## Data for processing:
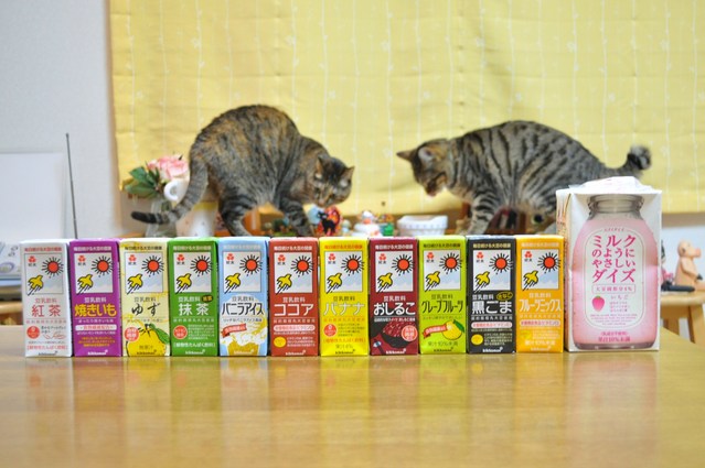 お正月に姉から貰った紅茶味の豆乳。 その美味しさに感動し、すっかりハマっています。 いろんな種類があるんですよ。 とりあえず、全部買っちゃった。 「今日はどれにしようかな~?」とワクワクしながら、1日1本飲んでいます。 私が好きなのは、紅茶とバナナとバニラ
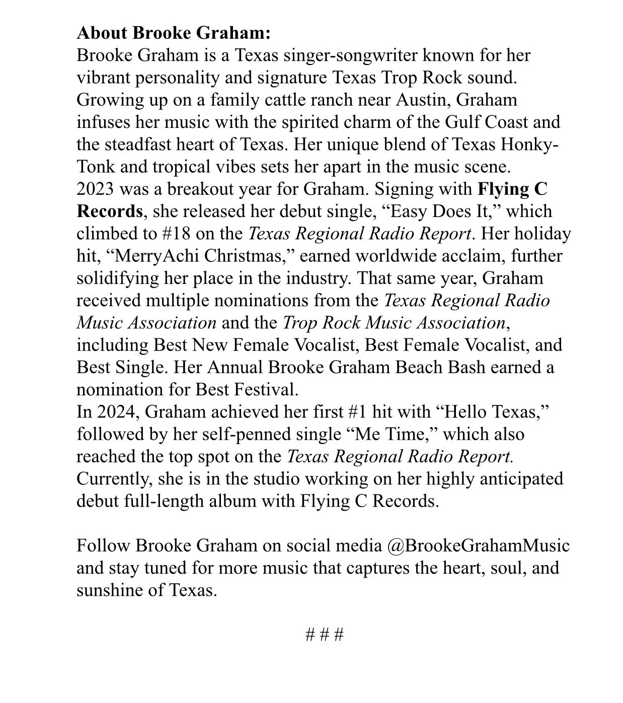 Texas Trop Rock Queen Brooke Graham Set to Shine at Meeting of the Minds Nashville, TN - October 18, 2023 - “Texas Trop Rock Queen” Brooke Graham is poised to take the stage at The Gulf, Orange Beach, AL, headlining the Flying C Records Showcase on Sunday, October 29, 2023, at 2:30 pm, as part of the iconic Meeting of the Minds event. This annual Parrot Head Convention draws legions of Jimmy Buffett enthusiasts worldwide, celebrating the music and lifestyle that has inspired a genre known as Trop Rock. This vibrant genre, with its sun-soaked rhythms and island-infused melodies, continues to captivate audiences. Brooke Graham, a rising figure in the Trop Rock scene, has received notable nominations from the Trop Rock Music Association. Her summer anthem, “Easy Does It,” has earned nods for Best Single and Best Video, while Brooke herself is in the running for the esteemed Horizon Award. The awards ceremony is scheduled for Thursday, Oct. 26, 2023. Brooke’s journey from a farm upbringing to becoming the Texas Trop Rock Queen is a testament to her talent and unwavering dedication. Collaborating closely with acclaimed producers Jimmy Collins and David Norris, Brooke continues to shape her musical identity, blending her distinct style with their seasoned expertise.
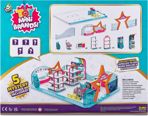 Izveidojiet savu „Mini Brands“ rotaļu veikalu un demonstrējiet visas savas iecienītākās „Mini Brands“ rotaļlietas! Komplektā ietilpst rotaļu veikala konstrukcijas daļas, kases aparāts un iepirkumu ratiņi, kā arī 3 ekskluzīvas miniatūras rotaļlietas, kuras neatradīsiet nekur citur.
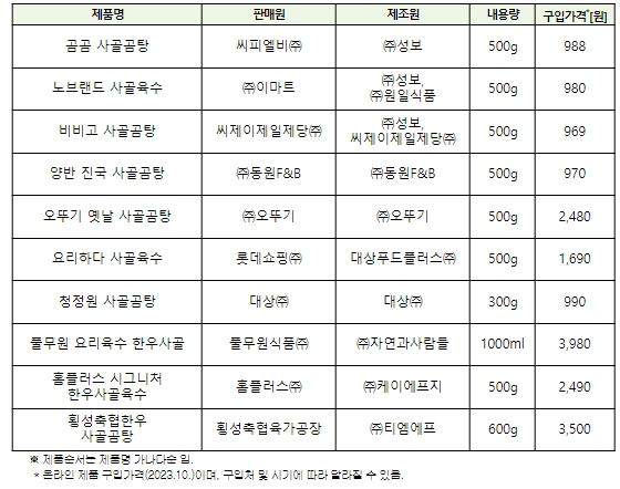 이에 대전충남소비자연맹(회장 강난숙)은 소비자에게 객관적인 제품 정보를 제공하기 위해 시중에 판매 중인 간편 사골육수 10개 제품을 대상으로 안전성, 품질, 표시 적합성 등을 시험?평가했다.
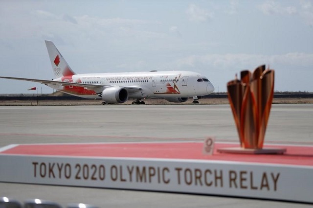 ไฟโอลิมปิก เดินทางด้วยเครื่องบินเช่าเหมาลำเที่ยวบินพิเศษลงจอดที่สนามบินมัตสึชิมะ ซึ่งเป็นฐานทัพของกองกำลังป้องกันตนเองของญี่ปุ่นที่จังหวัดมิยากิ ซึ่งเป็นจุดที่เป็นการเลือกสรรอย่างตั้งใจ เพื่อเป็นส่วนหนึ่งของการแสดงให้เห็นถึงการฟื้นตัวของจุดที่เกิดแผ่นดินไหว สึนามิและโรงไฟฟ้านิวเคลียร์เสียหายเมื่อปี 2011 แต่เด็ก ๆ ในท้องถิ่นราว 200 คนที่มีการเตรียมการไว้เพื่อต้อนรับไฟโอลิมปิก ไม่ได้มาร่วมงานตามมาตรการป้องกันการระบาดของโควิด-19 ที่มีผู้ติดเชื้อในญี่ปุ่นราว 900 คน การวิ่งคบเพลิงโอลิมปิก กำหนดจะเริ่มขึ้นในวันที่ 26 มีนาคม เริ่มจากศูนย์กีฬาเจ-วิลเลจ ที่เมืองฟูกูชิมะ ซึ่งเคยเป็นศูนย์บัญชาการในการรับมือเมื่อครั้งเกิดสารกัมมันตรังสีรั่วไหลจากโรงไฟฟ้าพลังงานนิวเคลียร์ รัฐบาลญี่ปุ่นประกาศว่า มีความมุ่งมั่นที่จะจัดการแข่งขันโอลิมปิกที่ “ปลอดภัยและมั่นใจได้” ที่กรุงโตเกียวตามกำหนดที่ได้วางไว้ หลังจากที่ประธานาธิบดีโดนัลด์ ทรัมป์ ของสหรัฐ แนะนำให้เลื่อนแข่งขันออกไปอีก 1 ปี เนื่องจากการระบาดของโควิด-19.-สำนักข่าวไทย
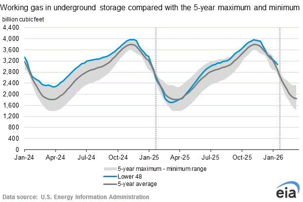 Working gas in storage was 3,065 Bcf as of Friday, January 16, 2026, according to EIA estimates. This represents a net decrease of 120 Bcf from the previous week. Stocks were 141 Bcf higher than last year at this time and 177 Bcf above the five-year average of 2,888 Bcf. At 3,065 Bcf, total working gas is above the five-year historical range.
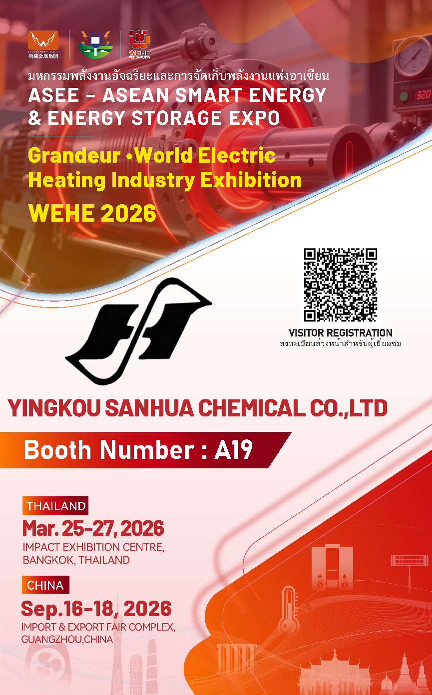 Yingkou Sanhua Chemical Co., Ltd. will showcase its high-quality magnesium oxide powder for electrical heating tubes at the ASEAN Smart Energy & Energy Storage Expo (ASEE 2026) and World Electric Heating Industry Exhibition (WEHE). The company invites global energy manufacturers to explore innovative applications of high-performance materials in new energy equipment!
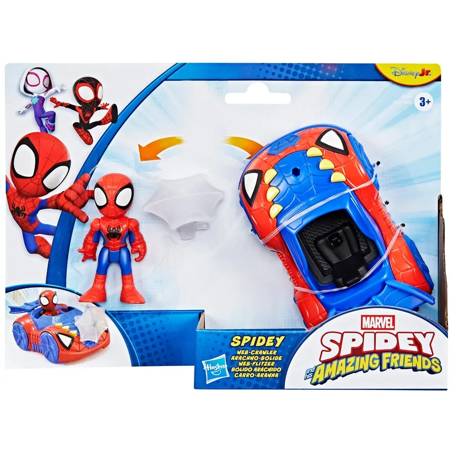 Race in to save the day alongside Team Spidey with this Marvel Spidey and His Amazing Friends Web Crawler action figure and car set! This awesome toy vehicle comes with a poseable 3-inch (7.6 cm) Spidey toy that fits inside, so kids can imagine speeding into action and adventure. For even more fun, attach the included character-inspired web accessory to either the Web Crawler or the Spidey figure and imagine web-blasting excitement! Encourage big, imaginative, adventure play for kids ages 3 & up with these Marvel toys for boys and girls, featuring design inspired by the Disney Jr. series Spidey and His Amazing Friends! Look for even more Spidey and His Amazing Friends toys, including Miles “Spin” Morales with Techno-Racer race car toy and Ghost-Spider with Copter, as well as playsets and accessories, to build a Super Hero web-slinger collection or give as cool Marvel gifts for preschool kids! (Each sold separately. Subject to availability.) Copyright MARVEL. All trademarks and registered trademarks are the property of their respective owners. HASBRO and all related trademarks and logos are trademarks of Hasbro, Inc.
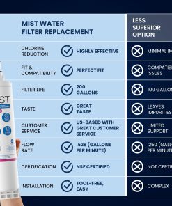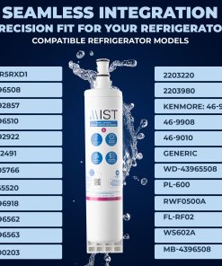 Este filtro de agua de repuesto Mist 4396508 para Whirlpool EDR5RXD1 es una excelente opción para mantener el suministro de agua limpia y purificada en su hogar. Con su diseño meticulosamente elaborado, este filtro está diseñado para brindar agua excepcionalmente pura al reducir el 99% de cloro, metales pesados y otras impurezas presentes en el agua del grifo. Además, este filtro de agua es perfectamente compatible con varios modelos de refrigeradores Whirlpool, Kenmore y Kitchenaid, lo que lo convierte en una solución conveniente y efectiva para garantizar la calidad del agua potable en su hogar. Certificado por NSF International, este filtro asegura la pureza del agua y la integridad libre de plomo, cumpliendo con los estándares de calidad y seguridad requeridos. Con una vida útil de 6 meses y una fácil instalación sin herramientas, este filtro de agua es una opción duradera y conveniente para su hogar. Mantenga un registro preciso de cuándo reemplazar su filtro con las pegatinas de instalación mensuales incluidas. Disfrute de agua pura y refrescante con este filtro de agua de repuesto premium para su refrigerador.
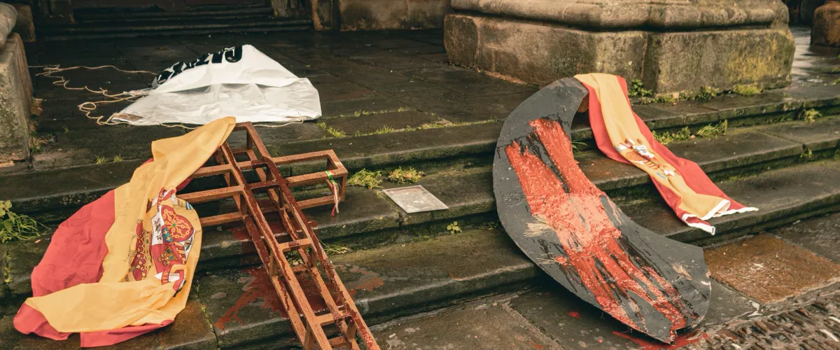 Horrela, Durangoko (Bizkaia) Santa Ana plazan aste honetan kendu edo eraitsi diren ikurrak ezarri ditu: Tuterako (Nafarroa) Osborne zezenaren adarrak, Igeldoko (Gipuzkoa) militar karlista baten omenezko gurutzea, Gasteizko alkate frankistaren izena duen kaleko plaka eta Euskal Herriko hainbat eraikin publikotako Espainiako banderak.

## Requirement:
Print the records exactly, every one. Leave out the pictures.

## The answer:
 お正月に姉から貰った紅茶味の豆乳。 その美味しさに感動し、すっかりハマっています。 いろんな種類があるんですよ。 とりあえず、全部買っちゃった。 「今日はどれにしようかな~?」とワクワクしながら、1日1本飲んでいます。 私が好きなのは、紅茶とバナナとバニラ
 Texas Trop Rock Queen Brooke Graham Set to Shine at Meeting of the Minds Nashville, TN - October 18, 2023 - “Texas Trop Rock Queen” Brooke Graham is poised to take the stage at The Gulf, Orange Beach, AL, headlining the Flying C Records Showcase on Sunday, October 29, 2023, at 2:30 pm, as part of the iconic Meeting of the Minds event. This annual Parrot Head Convention draws legions of Jimmy Buffett enthusiasts worldwide, celebrating the music and lifestyle that has inspired a genre known as Trop Rock. This vibrant genre, with its sun-soaked rhythms and island-infused melodies, continues to captivate audiences. Brooke Graham, a rising figure in the Trop Rock scene, has received notable nominations from the Trop Rock Music Association. Her summer anthem, “Easy Does It,” has earned nods for Best Single and Best Video, while Brooke herself is in the running for the esteemed Horizon Award. The awards ceremony is scheduled for Thursday, Oct. 26, 2023. Brooke’s journey from a farm upbringing to becoming the Texas Trop Rock Queen is a testament to her talent and unwavering dedication. Collaborating closely with acclaimed producers Jimmy Collins and David Norris, Brooke continues to shape her musical identity, blending her distinct style with their seasoned expertise.
 Izveidojiet savu „Mini Brands“ rotaļu veikalu un demonstrējiet visas savas iecienītākās „Mini Brands“ rotaļlietas! Komplektā ietilpst rotaļu veikala konstrukcijas daļas, kases aparāts un iepirkumu ratiņi, kā arī 3 ekskluzīvas miniatūras rotaļlietas, kuras neatradīsiet nekur citur.
 이에 대전충남소비자연맹(회장 강난숙)은 소비자에게 객관적인 제품 정보를 제공하기 위해 시중에 판매 중인 간편 사골육수 10개 제품을 대상으로 안전성, 품질, 표시 적합성 등을 시험?평가했다.
 ไฟโอลิมปิก เดินทางด้วยเครื่องบินเช่าเหมาลำเที่ยวบินพิเศษลงจอดที่สนามบินมัตสึชิมะ ซึ่งเป็นฐานทัพของกองกำลังป้องกันตนเองของญี่ปุ่นที่จังหวัดมิยากิ ซึ่งเป็นจุดที่เป็นการเลือกสรรอย่างตั้งใจ เพื่อเป็นส่วนหนึ่งของการแสดงให้เห็นถึงการฟื้นตัวของจุดที่เกิดแผ่นดินไหว สึนามิและโรงไฟฟ้านิวเคลียร์เสียหายเมื่อปี 2011 แต่เด็ก ๆ ในท้องถิ่นราว 200 คนที่มีการเตรียมการไว้เพื่อต้อนรับไฟโอลิมปิก ไม่ได้มาร่วมงานตามมาตรการป้องกันการระบาดของโควิด-19 ที่มีผู้ติดเชื้อในญี่ปุ่นราว 900 คน การวิ่งคบเพลิงโอลิมปิก กำหนดจะเริ่มขึ้นในวันที่ 26 มีนาคม เริ่มจากศูนย์กีฬาเจ-วิลเลจ ที่เมืองฟูกูชิมะ ซึ่งเคยเป็นศูนย์บัญชาการในการรับมือเมื่อครั้งเกิดสารกัมมันตรังสีรั่วไหลจากโรงไฟฟ้าพลังงานนิวเคลียร์ รัฐบาลญี่ปุ่นประกาศว่า มีความมุ่งมั่นที่จะจัดการแข่งขันโอลิมปิกที่ “ปลอดภัยและมั่นใจได้” ที่กรุงโตเกียวตามกำหนดที่ได้วางไว้ หลังจากที่ประธานาธิบดีโดนัลด์ ทรัมป์ ของสหรัฐ แนะนำให้เลื่อนแข่งขันออกไปอีก 1 ปี เนื่องจากการระบาดของโควิด-19.-สำนักข่าวไทย
 Working gas in storage was 3,065 Bcf as of Friday, January 16, 2026, according to EIA estimates. This represents a net decrease of 120 Bcf from the previous week. Stocks were 141 Bcf higher than last year at this time and 177 Bcf above the five-year average of 2,888 Bcf. At 3,065 Bcf, total working gas is above the five-year historical range.
 Yingkou Sanhua Chemical Co., Ltd. will showcase its high-quality magnesium oxide powder for electrical heating tubes at the ASEAN Smart Energy & Energy Storage Expo (ASEE 2026) and World Electric Heating Industry Exhibition (WEHE). The company invites global energy manufacturers to explore innovative applications of high-performance materials in new energy equipment!
 Race in to save the day alongside Team Spidey with this Marvel Spidey and His Amazing Friends Web Crawler action figure and car set! This awesome toy vehicle comes with a poseable 3-inch (7.6 cm) Spidey toy that fits inside, so kids can imagine speeding into action and adventure. For even more fun, attach the included character-inspired web accessory to either the Web Crawler or the Spidey figure and imagine web-blasting excitement! Encourage big, imaginative, adventure play for kids ages 3 & up with these Marvel toys for boys and girls, featuring design inspired by the Disney Jr. series Spidey and His Amazing Friends! Look for even more Spidey and His Amazing Friends toys, including Miles “Spin” Morales with Techno-Racer race car toy and Ghost-Spider with Copter, as well as playsets and accessories, to build a Super Hero web-slinger collection or give as cool Marvel gifts for preschool kids! (Each sold separately. Subject to availability.) Copyright MARVEL. All trademarks and registered trademarks are the property of their respective owners. HASBRO and all related trademarks and logos are trademarks of Hasbro, Inc.
 Este filtro de agua de repuesto Mist 4396508 para Whirlpool EDR5RXD1 es una excelente opción para mantener el suministro de agua limpia y purificada en su hogar. Con su diseño meticulosamente elaborado, este filtro está diseñado para brindar agua excepcionalmente pura al reducir el 99% de cloro, metales pesados y otras impurezas presentes en el agua del grifo. Además, este filtro de agua es perfectamente compatible con varios modelos de refrigeradores Whirlpool, Kenmore y Kitchenaid, lo que lo convierte en una solución conveniente y efectiva para garantizar la calidad del agua potable en su hogar. Certificado por NSF International, este filtro asegura la pureza del agua y la integridad libre de plomo, cumpliendo con los estándares de calidad y seguridad requeridos. Con una vida útil de 6 meses y una fácil instalación sin herramientas, este filtro de agua es una opción duradera y conveniente para su hogar. Mantenga un registro preciso de cuándo reemplazar su filtro con las pegatinas de instalación mensuales incluidas. Disfrute de agua pura y refrescante con este filtro de agua de repuesto premium para su refrigerador.
 Horrela, Durangoko (Bizkaia) Santa Ana plazan aste honetan kendu edo eraitsi diren ikurrak ezarri ditu: Tuterako (Nafarroa) Osborne zezenaren adarrak, Igeldoko (Gipuzkoa) militar karlista baten omenezko gurutzea, Gasteizko alkate frankistaren izena duen kaleko plaka eta Euskal Herriko hainbat eraikin publikotako Espainiako banderak.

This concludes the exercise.